## What the task asks
All pictures are to be omitted while the lines starting at the line with "整个活动中,人们都静静的倾听着真相,不断有人在征签本上签下了他们支持的名字。" and ending at the line with "9 But what does" in the material below are retyped exactly, both ends included.

## The data

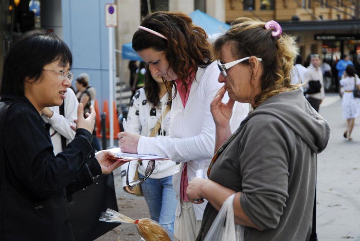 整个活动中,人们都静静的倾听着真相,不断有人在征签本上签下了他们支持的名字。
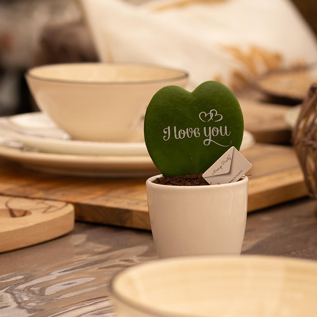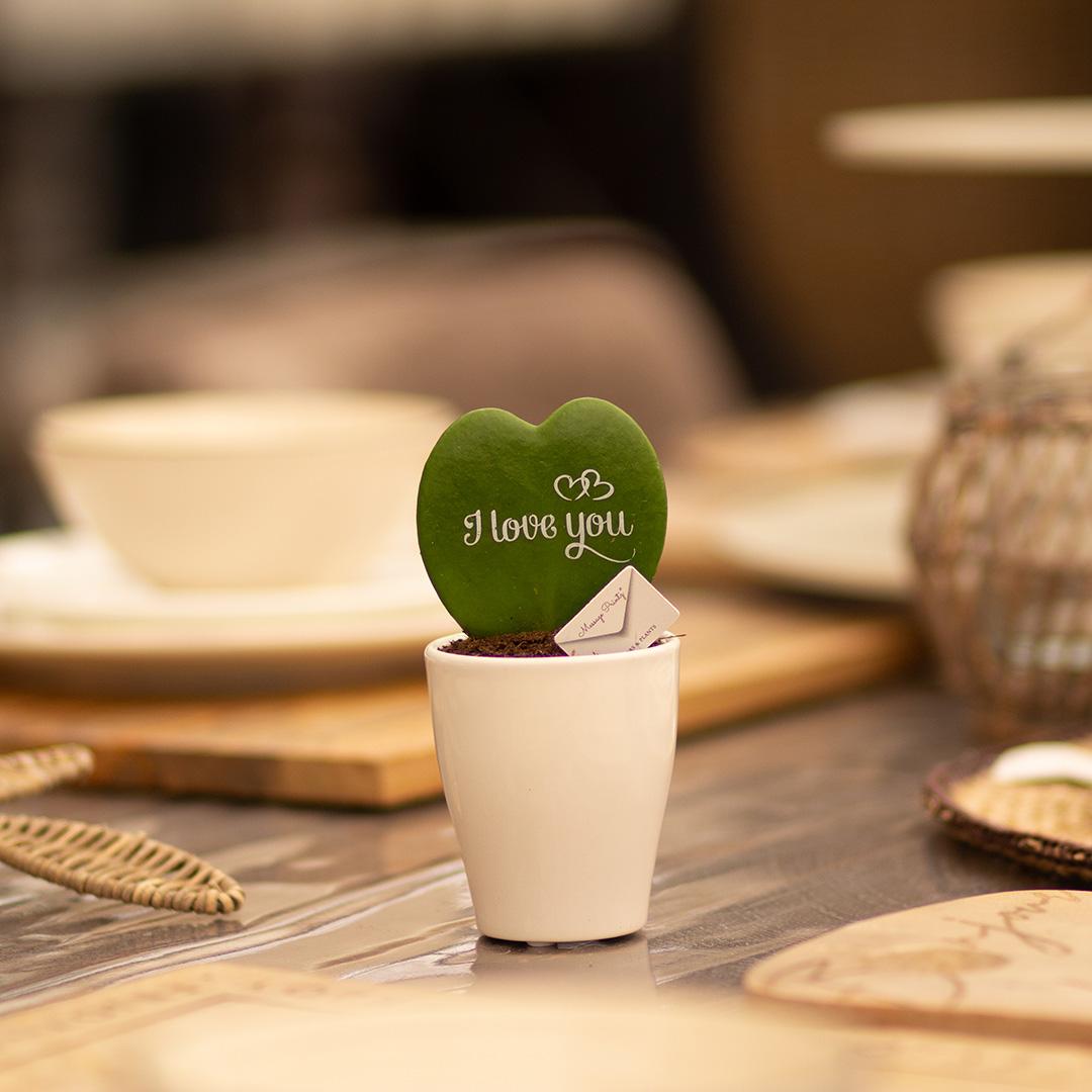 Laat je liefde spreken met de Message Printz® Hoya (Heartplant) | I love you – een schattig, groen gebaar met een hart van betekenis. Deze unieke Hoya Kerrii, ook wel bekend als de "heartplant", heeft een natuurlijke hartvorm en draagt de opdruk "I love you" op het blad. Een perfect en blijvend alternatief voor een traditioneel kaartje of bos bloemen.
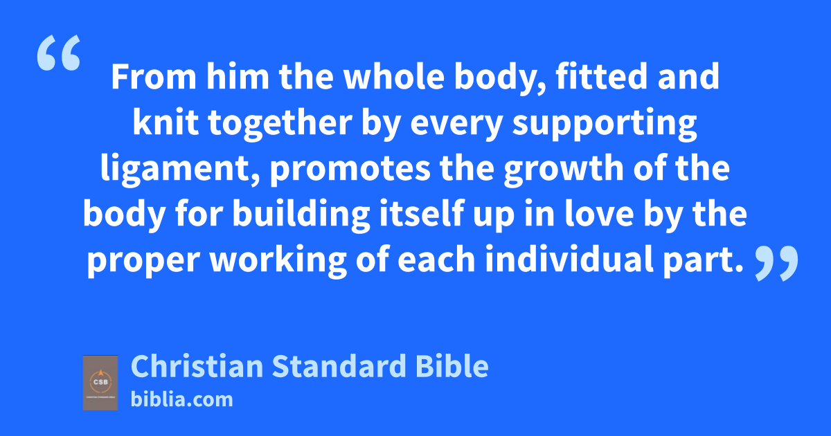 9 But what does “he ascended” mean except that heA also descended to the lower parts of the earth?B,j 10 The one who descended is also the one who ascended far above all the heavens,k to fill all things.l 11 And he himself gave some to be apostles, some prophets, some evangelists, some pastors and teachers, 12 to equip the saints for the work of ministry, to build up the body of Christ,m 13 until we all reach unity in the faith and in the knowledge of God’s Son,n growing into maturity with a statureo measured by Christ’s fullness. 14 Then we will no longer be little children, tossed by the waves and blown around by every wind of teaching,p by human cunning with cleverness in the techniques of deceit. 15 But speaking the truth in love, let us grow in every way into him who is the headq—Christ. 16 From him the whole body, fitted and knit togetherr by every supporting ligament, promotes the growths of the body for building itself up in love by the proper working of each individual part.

...

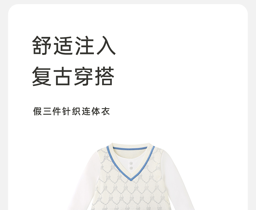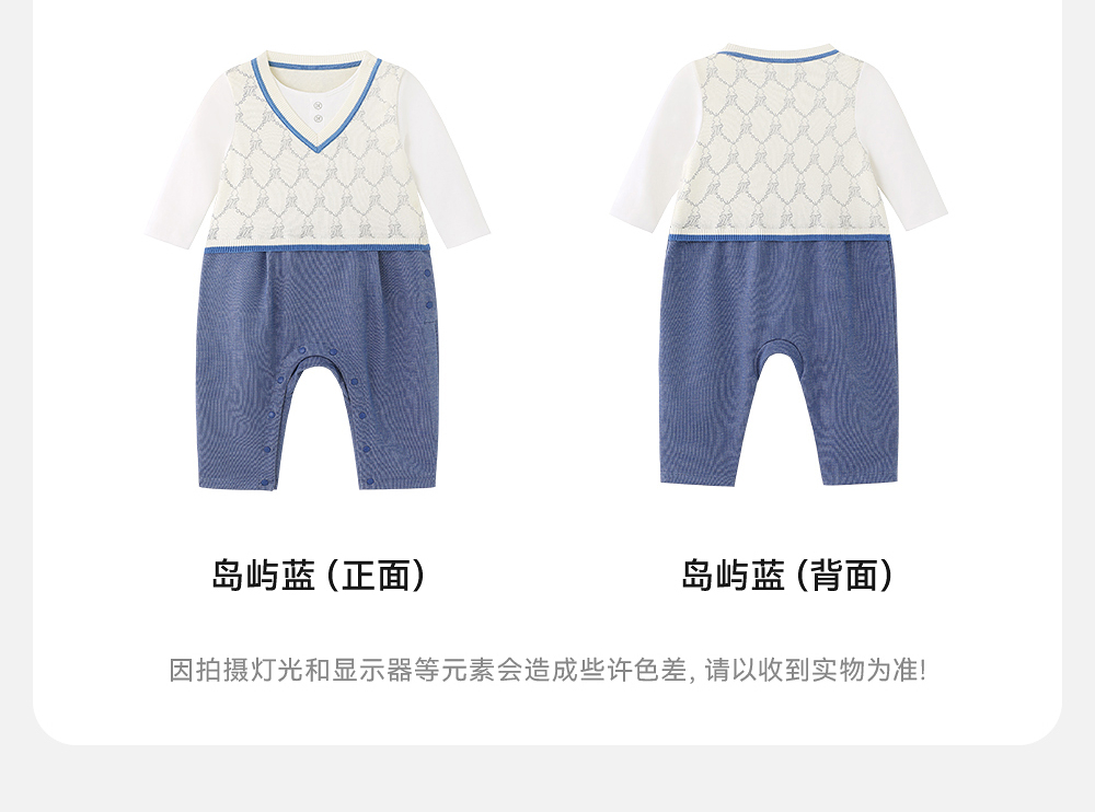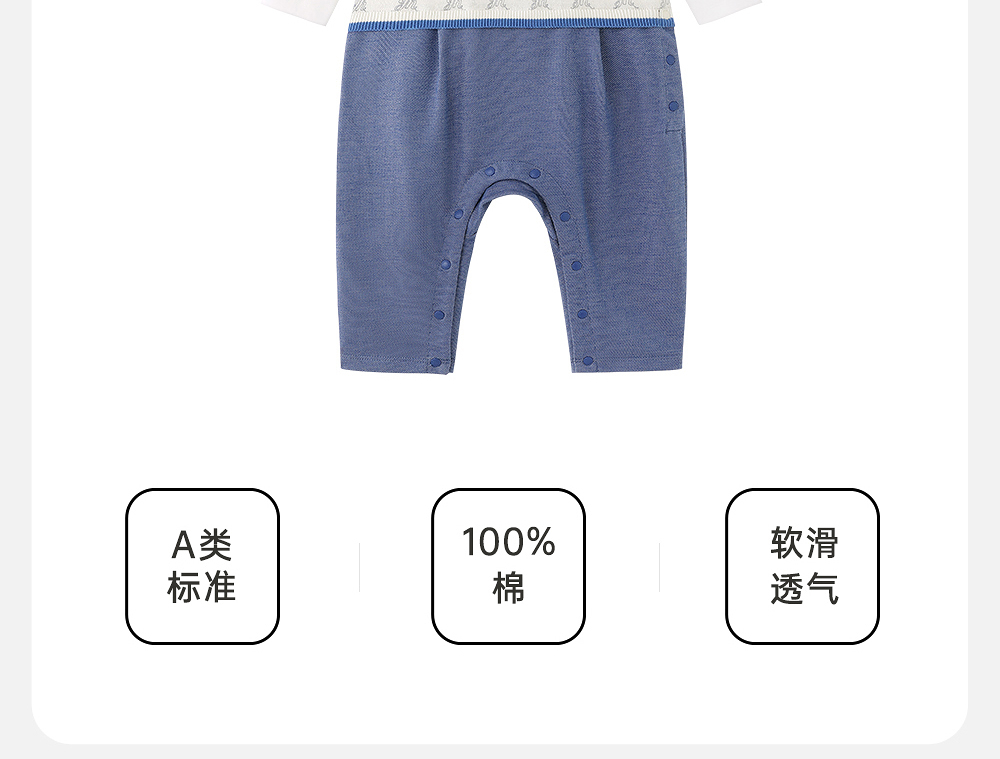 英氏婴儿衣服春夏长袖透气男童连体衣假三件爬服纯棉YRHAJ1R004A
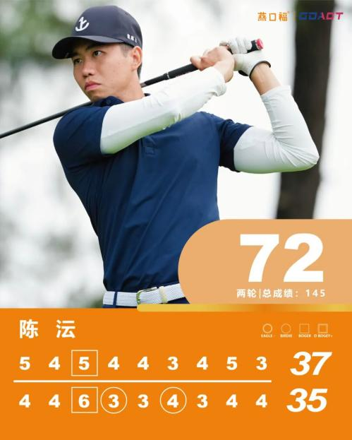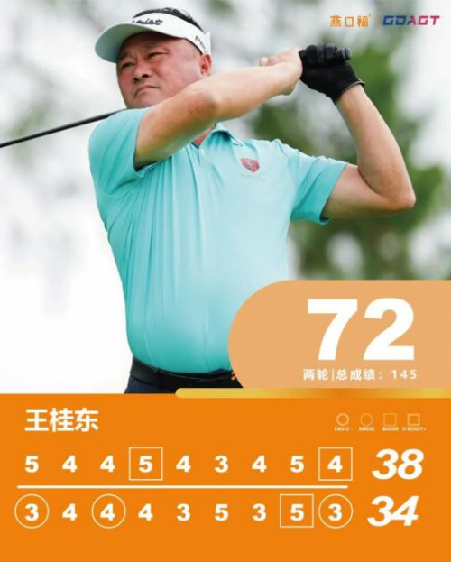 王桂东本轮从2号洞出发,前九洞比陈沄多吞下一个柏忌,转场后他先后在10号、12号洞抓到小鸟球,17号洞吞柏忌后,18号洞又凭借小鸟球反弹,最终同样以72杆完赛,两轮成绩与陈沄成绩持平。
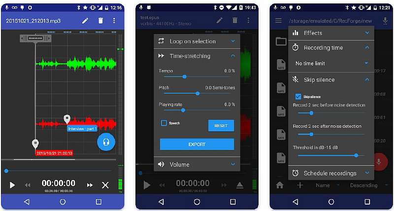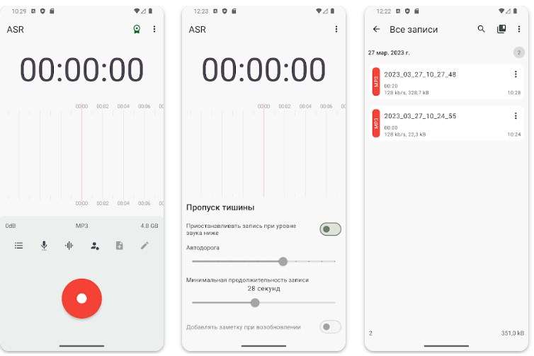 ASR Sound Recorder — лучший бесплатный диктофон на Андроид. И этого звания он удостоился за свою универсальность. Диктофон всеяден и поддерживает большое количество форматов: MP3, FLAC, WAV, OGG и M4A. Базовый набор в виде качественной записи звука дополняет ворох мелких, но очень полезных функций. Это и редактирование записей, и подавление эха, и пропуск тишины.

## Task answer
 整个活动中,人们都静静的倾听着真相,不断有人在征签本上签下了他们支持的名字。
 Laat je liefde spreken met de Message Printz® Hoya (Heartplant) | I love you – een schattig, groen gebaar met een hart van betekenis. Deze unieke Hoya Kerrii, ook wel bekend als de "heartplant", heeft een natuurlijke hartvorm en draagt de opdruk "I love you" op het blad. Een perfect en blijvend alternatief voor een traditioneel kaartje of bos bloemen.
 9 But what does “he ascended” mean except that heA also descended to the lower parts of the earth?B,j 10 The one who descended is also the one who ascended far above all the heavens,k to fill all things.l 11 And he himself gave some to be apostles, some prophets, some evangelists, some pastors and teachers, 12 to equip the saints for the work of ministry, to build up the body of Christ,m 13 until we all reach unity in the faith and in the knowledge of God’s Son,n growing into maturity with a statureo measured by Christ’s fullness. 14 Then we will no longer be little children, tossed by the waves and blown around by every wind of teaching,p by human cunning with cleverness in the techniques of deceit. 15 But speaking the truth in love, let us grow in every way into him who is the headq—Christ. 16 From him the whole body, fitted and knit togetherr by every supporting ligament, promotes the growths of the body for building itself up in love by the proper working of each individual part.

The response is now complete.